Ich hab nun alle meine Klassen gepostet, wie ihr seht habe ich keine Column "ID_0" ich versteh nicht warum ich dann die Exception dafür bekomme, denn meine TABLE Column ID nennt sich "ID" wofür ist diese ID_0? ich verstehs nicht.

Gruß George


----------



## Marcinek (21. Okt 2010)

Steht drin:

Column 'ID0_' not found.


Für mich wäre das nicht "unerklärlich"

Ich schätze mal, dass das passiert, wenn man select * from macht.
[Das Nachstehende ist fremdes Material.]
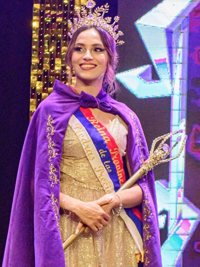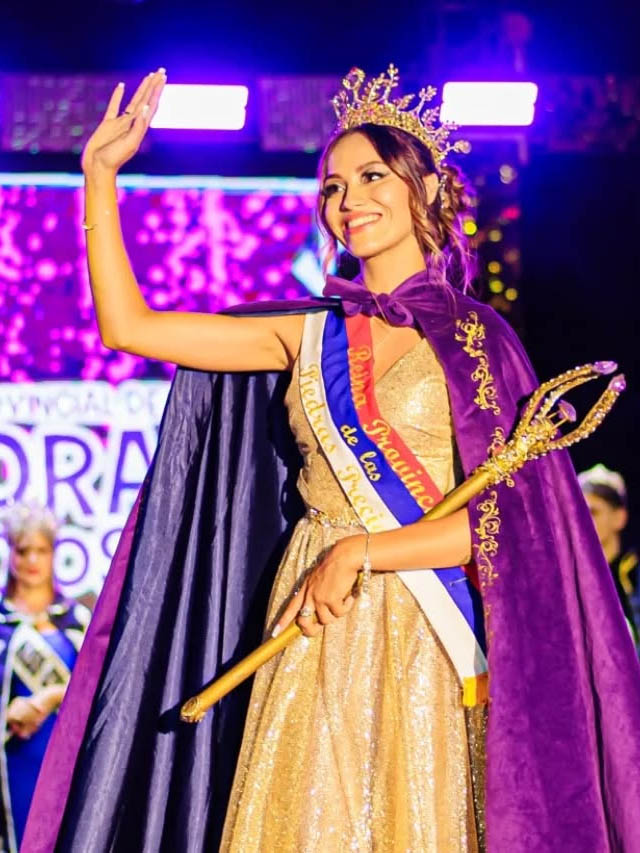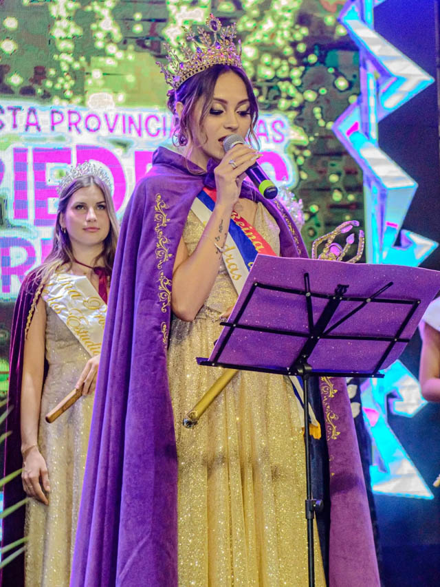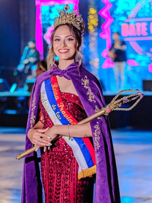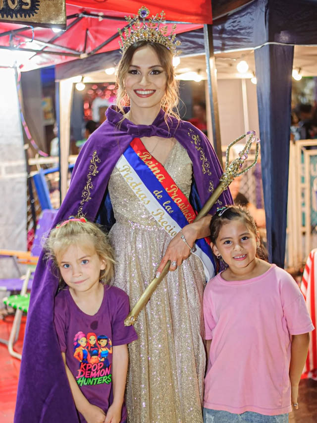 Durante el acto de traspaso, la soberana saliente entregó los atributos a Agustina Dávalos, quien asumió como nueva Reina Provincial de las Piedras Preciosas. El momento estuvo marcado por el reconocimiento a la labor realizada por Emilce a lo largo de su gestión como embajadora cultural de la ciudad.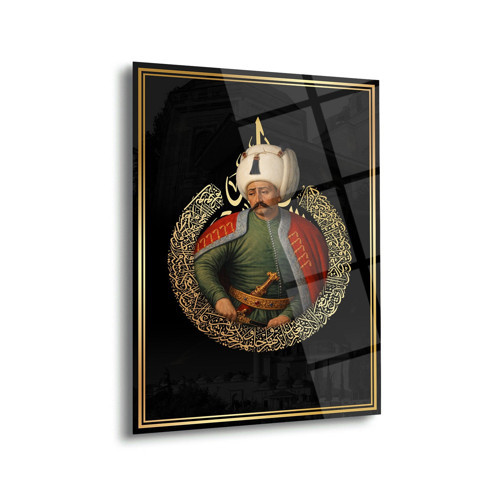 Osmanlı Devleti’nin en güçlü ve kararlı hükümdarlarından biri olan Yavuz Sultan Selim’i sanatsal bir kompozisyonla yansıtan bu özel cam tablo, tarihî ihtişamı modern dekorasyon anlayışıyla bir araya getirir. Padişah portresi etrafında yer alan zarif hat sanatı detayları ve Osmanlı motifleri, tasarıma hem estetik hem de kültürel bir derinlik kazandırır.
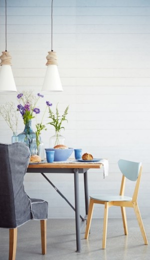Ik ben dol op (delfts) blauw. Dit behang zou ik dan ook erg graag in mijn eigen interieur gebruiken. Ik zou het achter de bank plaatsen of zoals op deze foto achter een kast.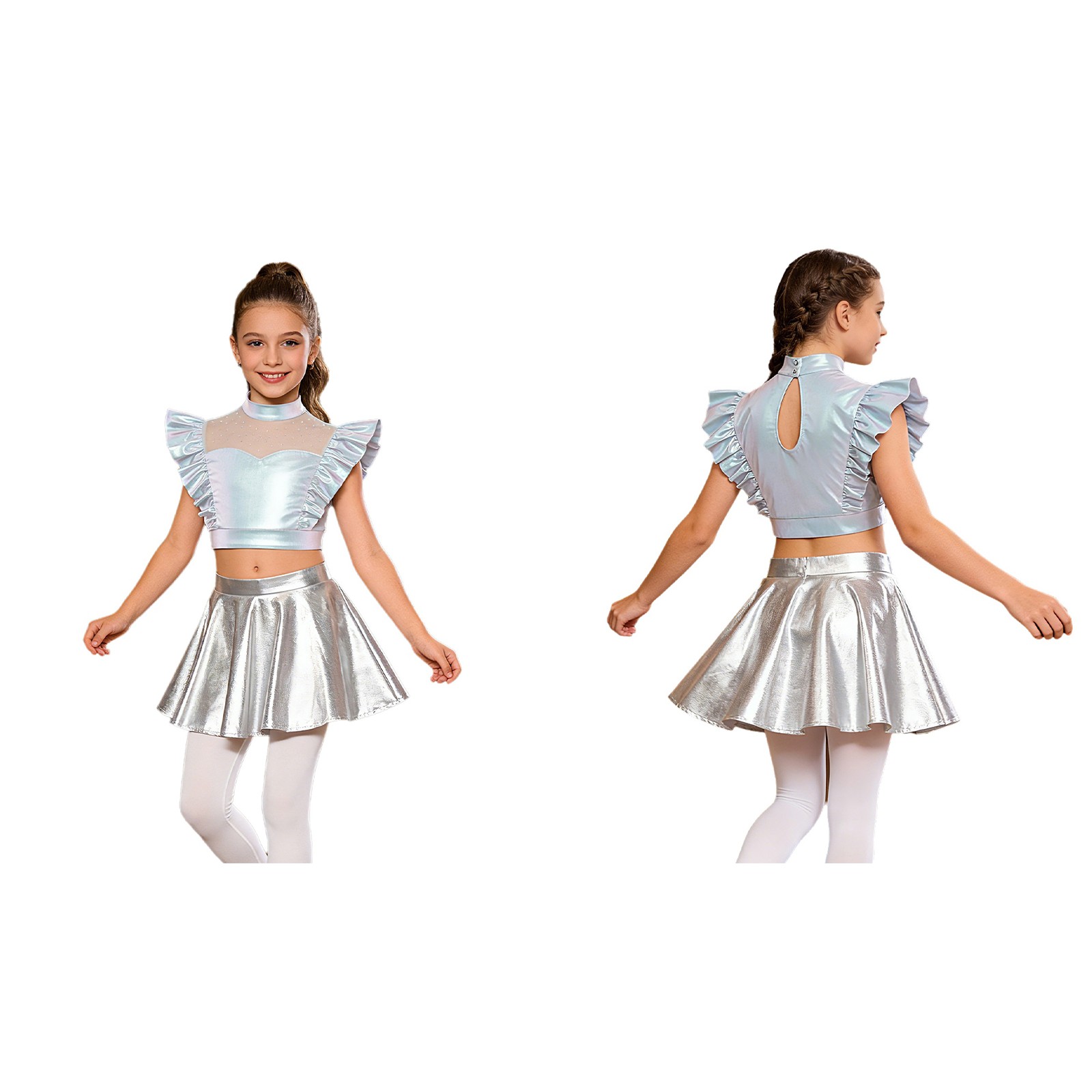 как выглядит Girls Dance Outfits Kids Dancewear Stage Dress Celebration Costume Skirt Jazz фото

Dann möchte er eine ID, er bennt sie um in id0, haben.


----------



## mavinatic (21. Okt 2010)

achso  Meinst du ich soll SELECT ID,EMAIL,USERNAME,PASSWORD FROM ACCOUNTS?


----------



## Marcinek (21. Okt 2010)

Probiere es aus.

Und an der session gibt es 2 createQuery(). Das eine erzeugt SQL und das andere HQL.
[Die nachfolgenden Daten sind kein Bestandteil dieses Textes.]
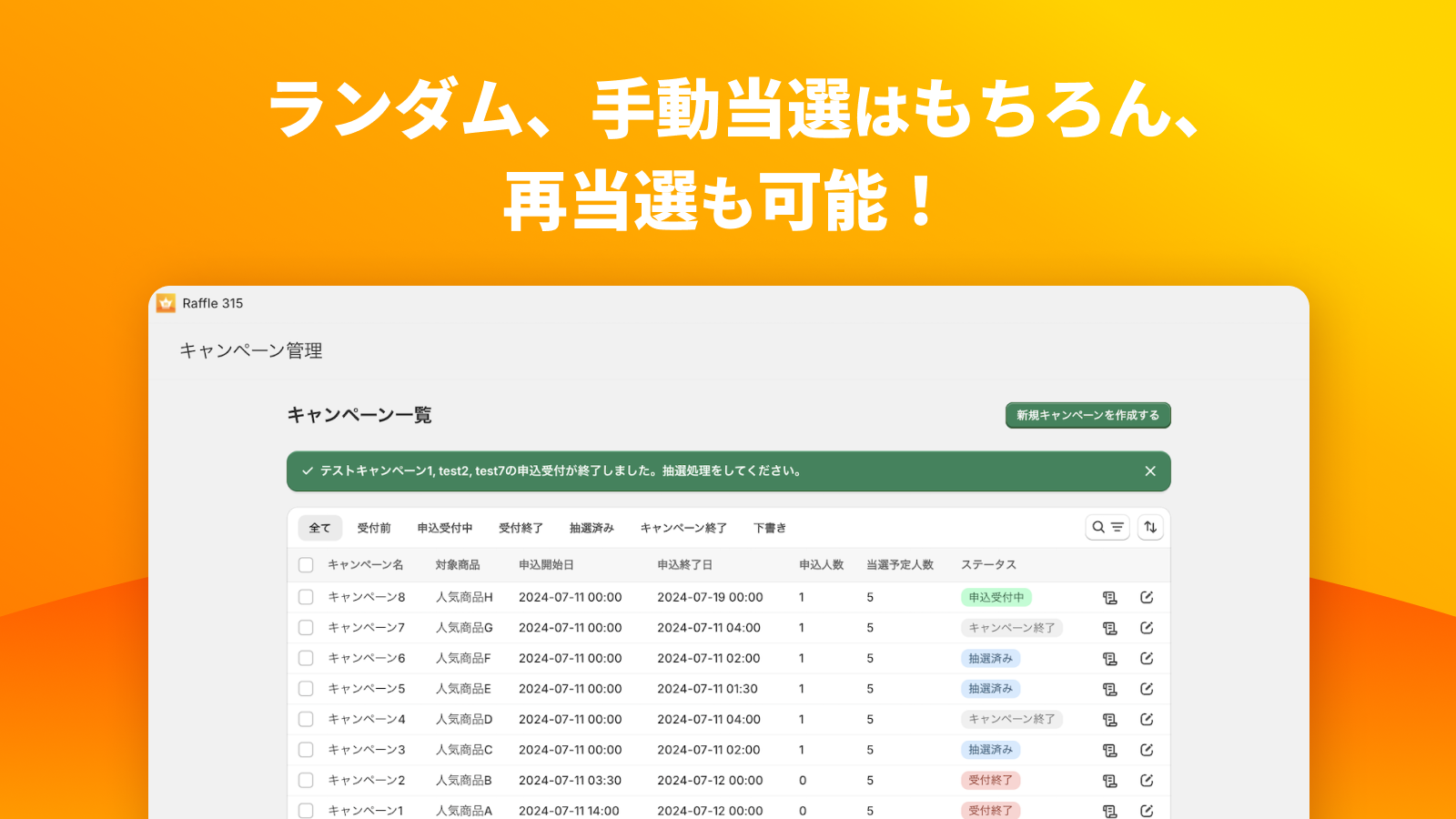 Raffle 315は抽選販売ができるアプリです。人気商品の購入希望者から申込みを受付け、抽選により当選者を確定させ商品を購入していただくことが可能です。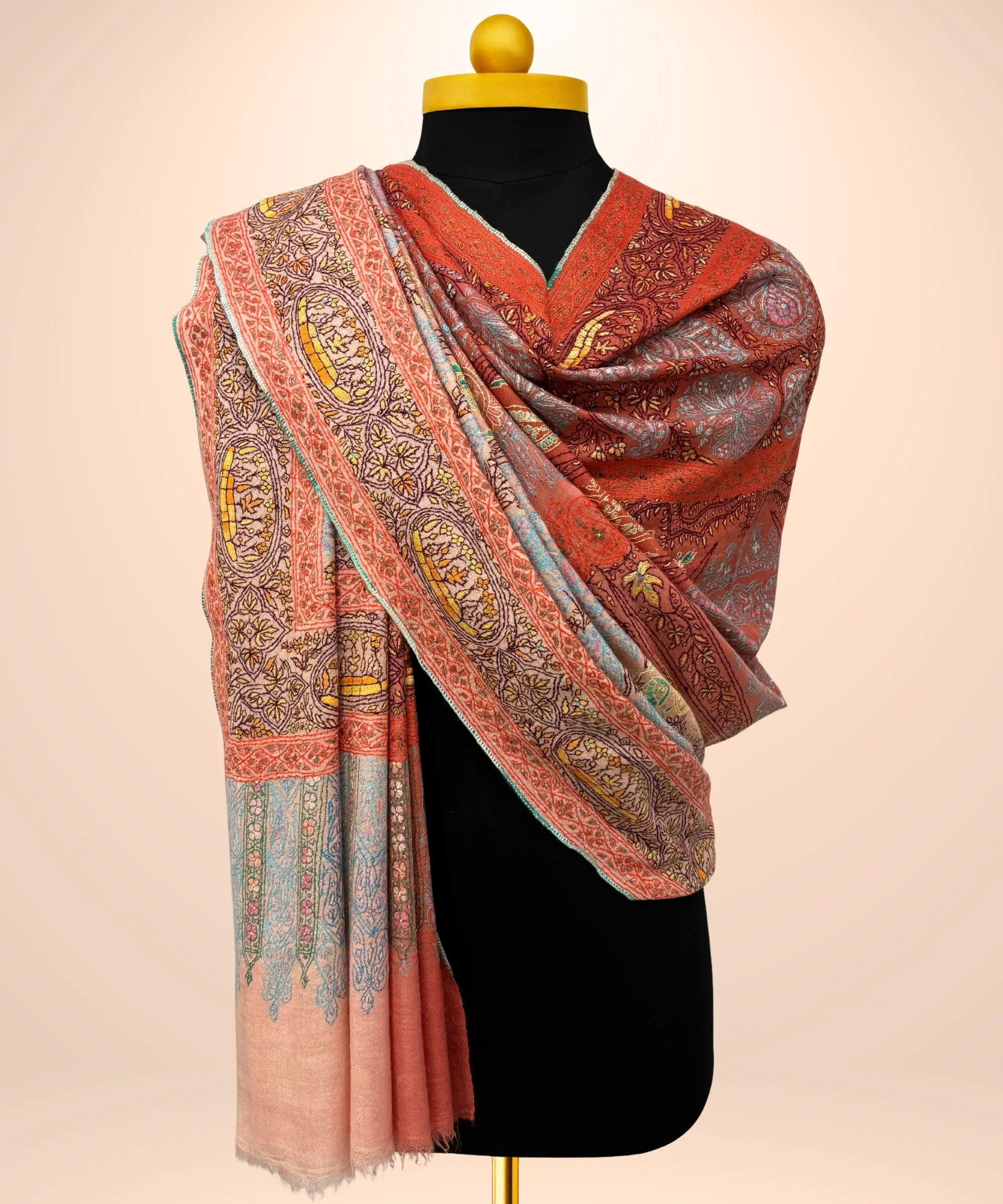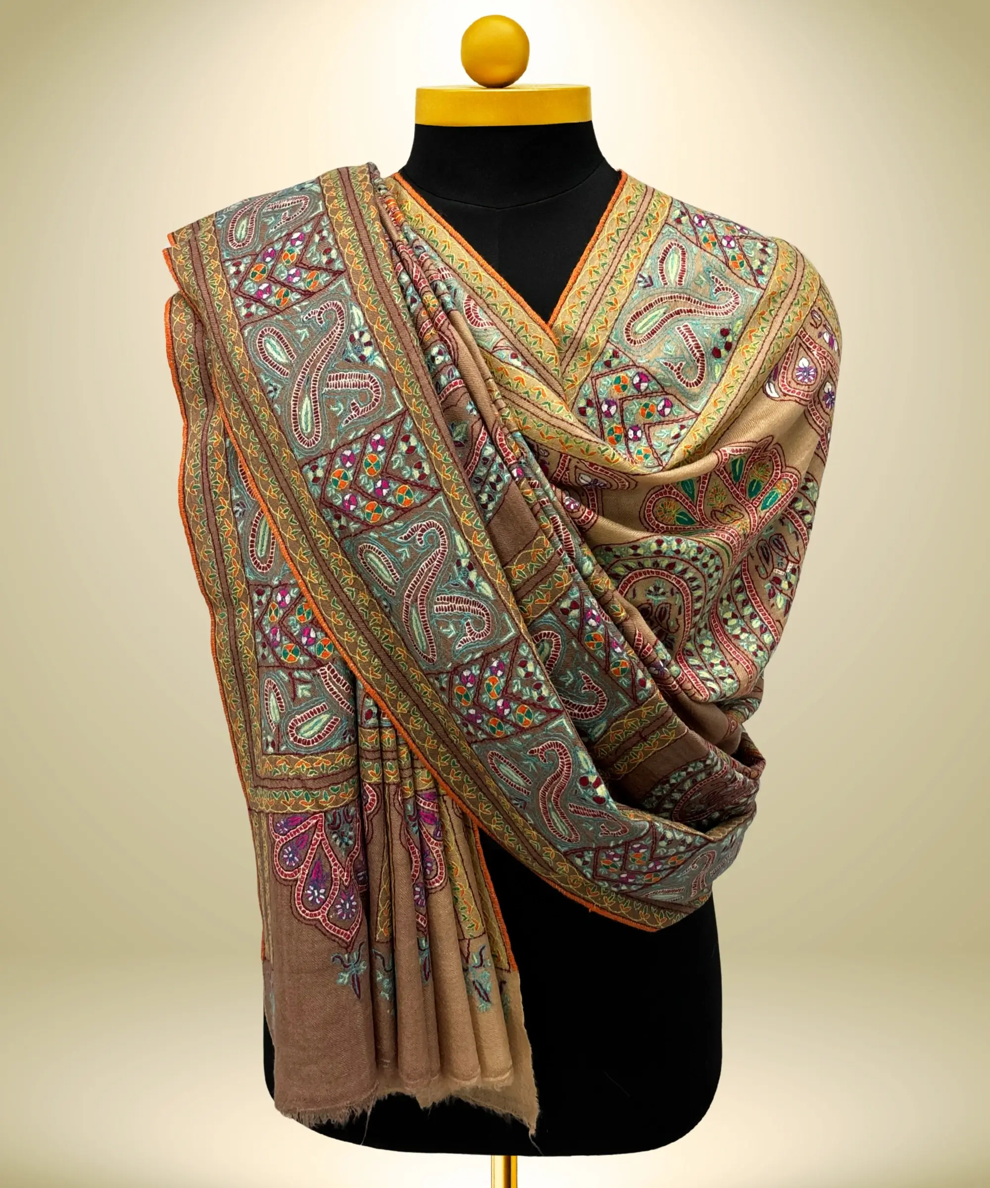 Handmade Pashmina Jamawar Shawl in Mellow Amber

Du müsstest das HQL verwenden.


----------



## KSG9|sebastian (22. Okt 2010)

Zuerst verwende die Methode createQuery - die nimmt HQL statt SQL. Damit brauchst du auch kein addEntity mehr.

Existiert die Tabelle schon? Sicher das "id" kein reserviertes Schlüsselwort der Datenbank ist. Solche Dinge hatte ich auch schon.


----------



## mavinatic (22. Okt 2010)

Hallo ihrs,
ich bekomme nun eine weitere exception?! Zu dem habe ich meine Table von der mysql datenbank auf account umbenannt nicht das ihr euch wundert?!. Ich hab das doch alles in der hibernate.cfg.xml eingetragen :O?! Warum gehts nicht?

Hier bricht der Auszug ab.